--- GIVEN RECORDS Enclosed Below ---

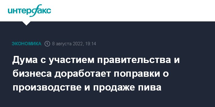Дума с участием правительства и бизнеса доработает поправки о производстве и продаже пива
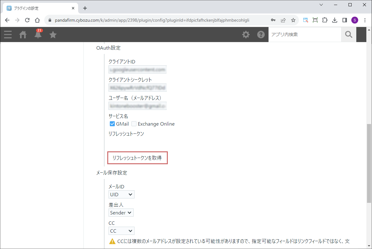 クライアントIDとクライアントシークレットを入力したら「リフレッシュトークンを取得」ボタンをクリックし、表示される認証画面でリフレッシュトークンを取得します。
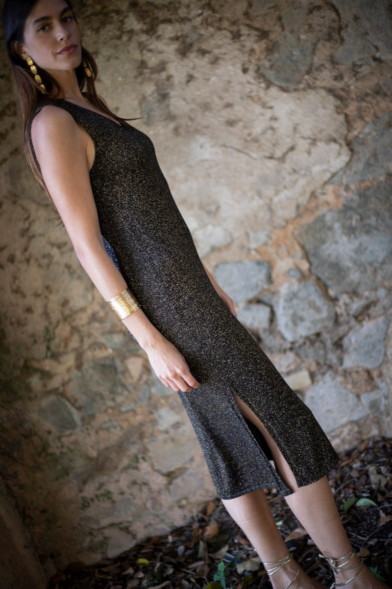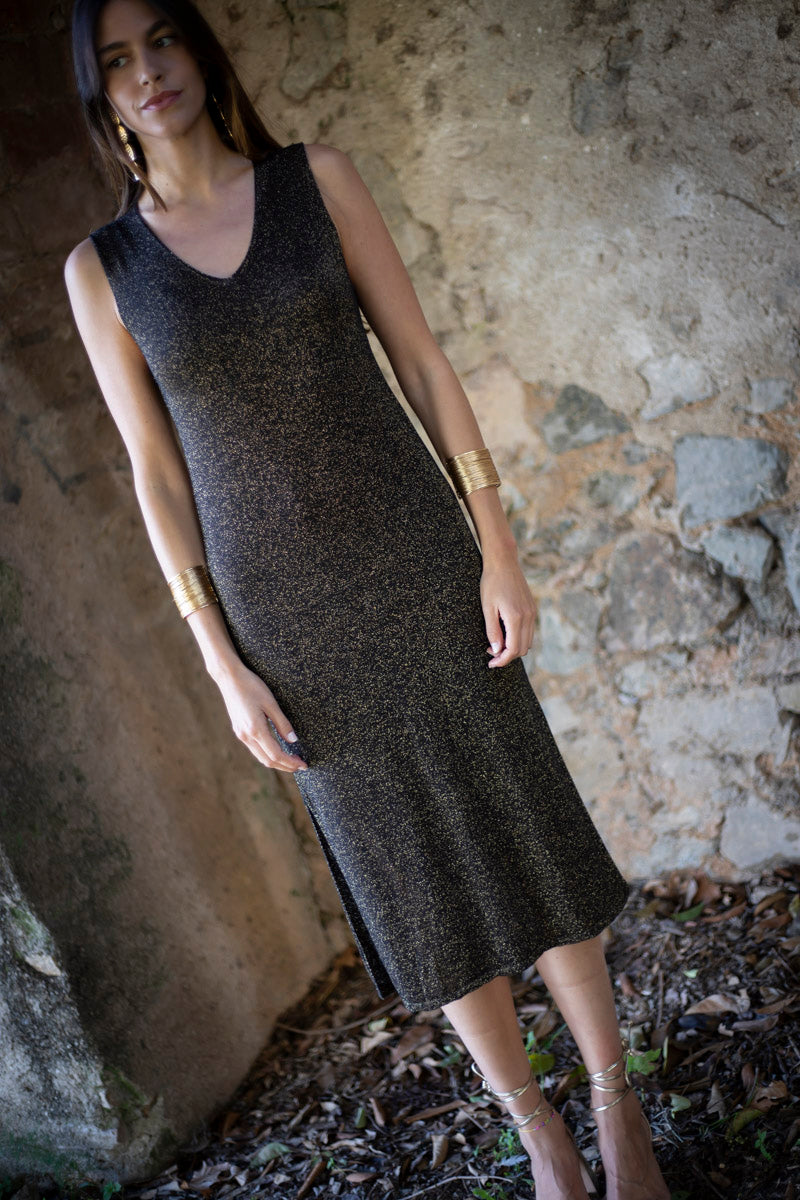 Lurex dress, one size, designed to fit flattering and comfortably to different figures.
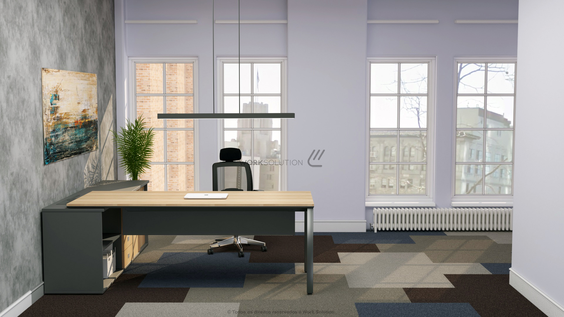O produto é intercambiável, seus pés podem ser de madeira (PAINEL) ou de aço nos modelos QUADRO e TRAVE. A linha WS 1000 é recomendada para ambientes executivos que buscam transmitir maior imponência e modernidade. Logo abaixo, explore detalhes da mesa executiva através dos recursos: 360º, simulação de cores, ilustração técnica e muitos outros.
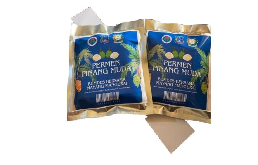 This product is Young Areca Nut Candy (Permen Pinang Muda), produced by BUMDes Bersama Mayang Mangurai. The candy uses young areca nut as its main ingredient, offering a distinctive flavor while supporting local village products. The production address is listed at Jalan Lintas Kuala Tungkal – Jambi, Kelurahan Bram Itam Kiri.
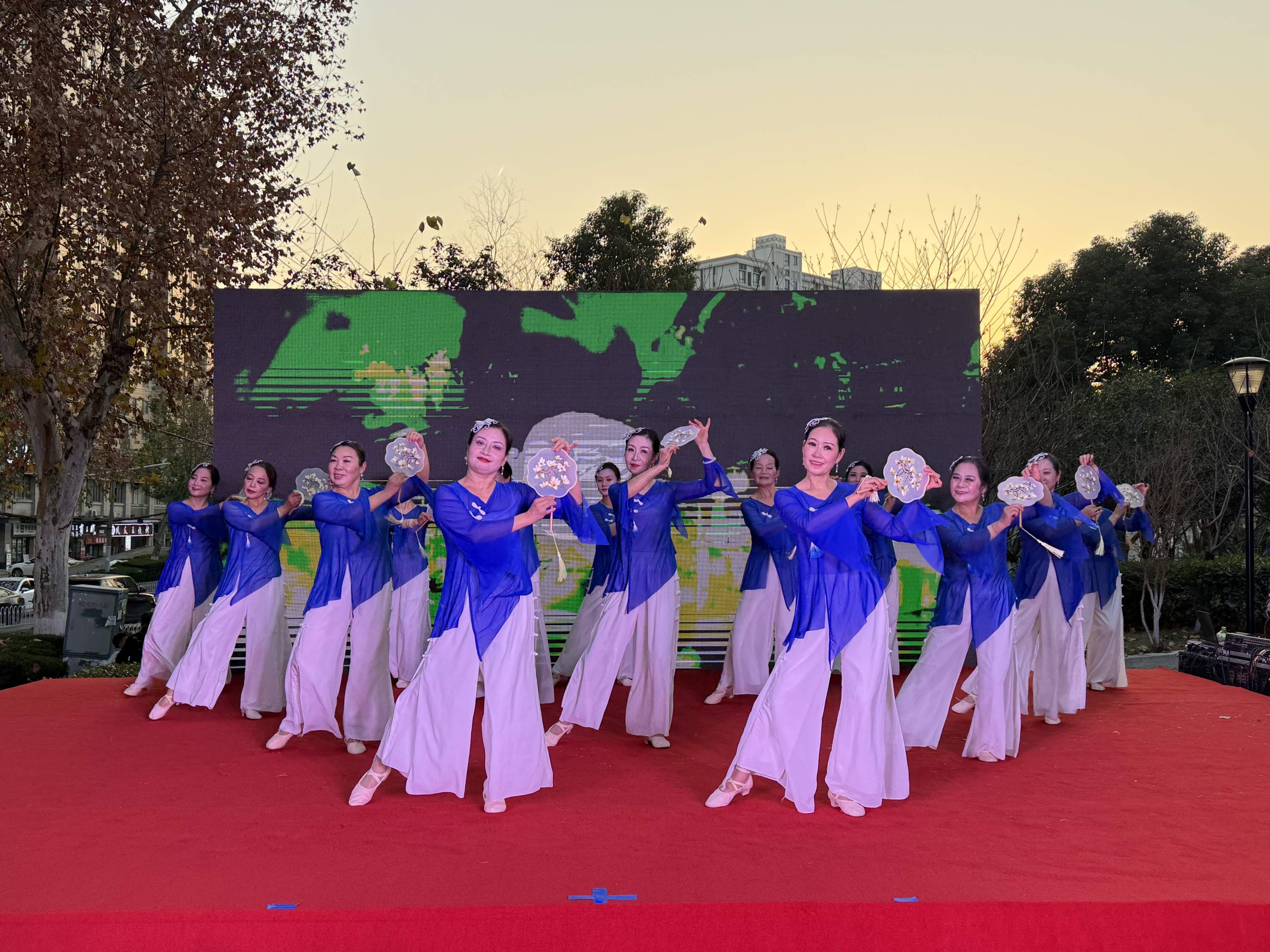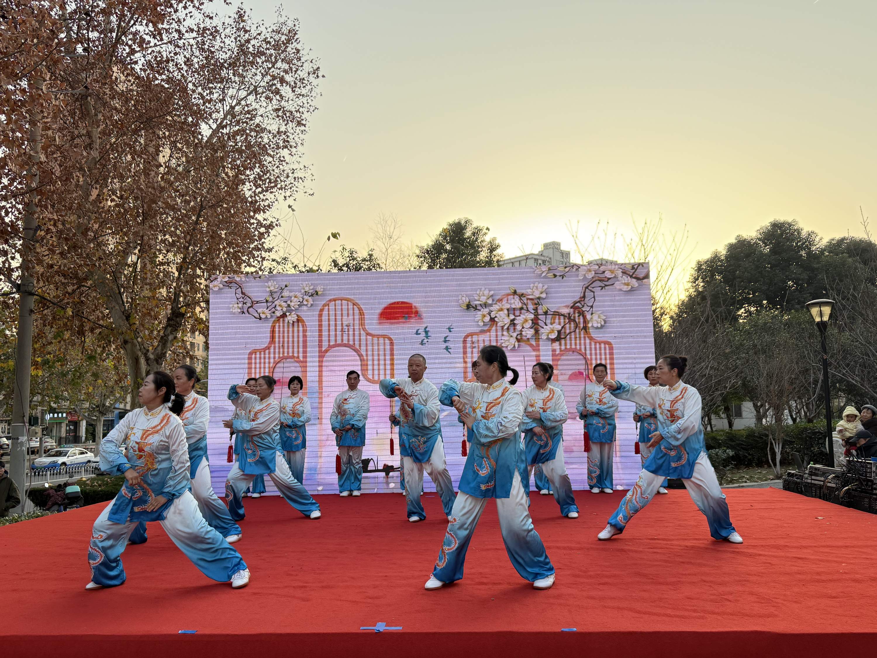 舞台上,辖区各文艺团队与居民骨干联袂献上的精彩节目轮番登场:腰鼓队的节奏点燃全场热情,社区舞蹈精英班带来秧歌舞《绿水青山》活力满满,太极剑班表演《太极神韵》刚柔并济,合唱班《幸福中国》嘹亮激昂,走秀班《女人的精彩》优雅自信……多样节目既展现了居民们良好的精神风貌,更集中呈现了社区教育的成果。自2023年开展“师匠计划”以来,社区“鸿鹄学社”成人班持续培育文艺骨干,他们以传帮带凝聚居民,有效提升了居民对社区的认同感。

--- End of Enclosed GIVEN RECORDS ---

PROBLEM DETAILS: Output precisely the lines in the material above from the line containing "This product is" through its last line, and omit pictures.

RESPONSE BOX:
 This product is Young Areca Nut Candy (Permen Pinang Muda), produced by BUMDes Bersama Mayang Mangurai. The candy uses young areca nut as its main ingredient, offering a distinctive flavor while supporting local village products. The production address is listed at Jalan Lintas Kuala Tungkal – Jambi, Kelurahan Bram Itam Kiri.
 舞台上,辖区各文艺团队与居民骨干联袂献上的精彩节目轮番登场:腰鼓队的节奏点燃全场热情,社区舞蹈精英班带来秧歌舞《绿水青山》活力满满,太极剑班表演《太极神韵》刚柔并济,合唱班《幸福中国》嘹亮激昂,走秀班《女人的精彩》优雅自信……多样节目既展现了居民们良好的精神风貌,更集中呈现了社区教育的成果。自2023年开展“师匠计划”以来,社区“鸿鹄学社”成人班持续培育文艺骨干,他们以传帮带凝聚居民,有效提升了居民对社区的认同感。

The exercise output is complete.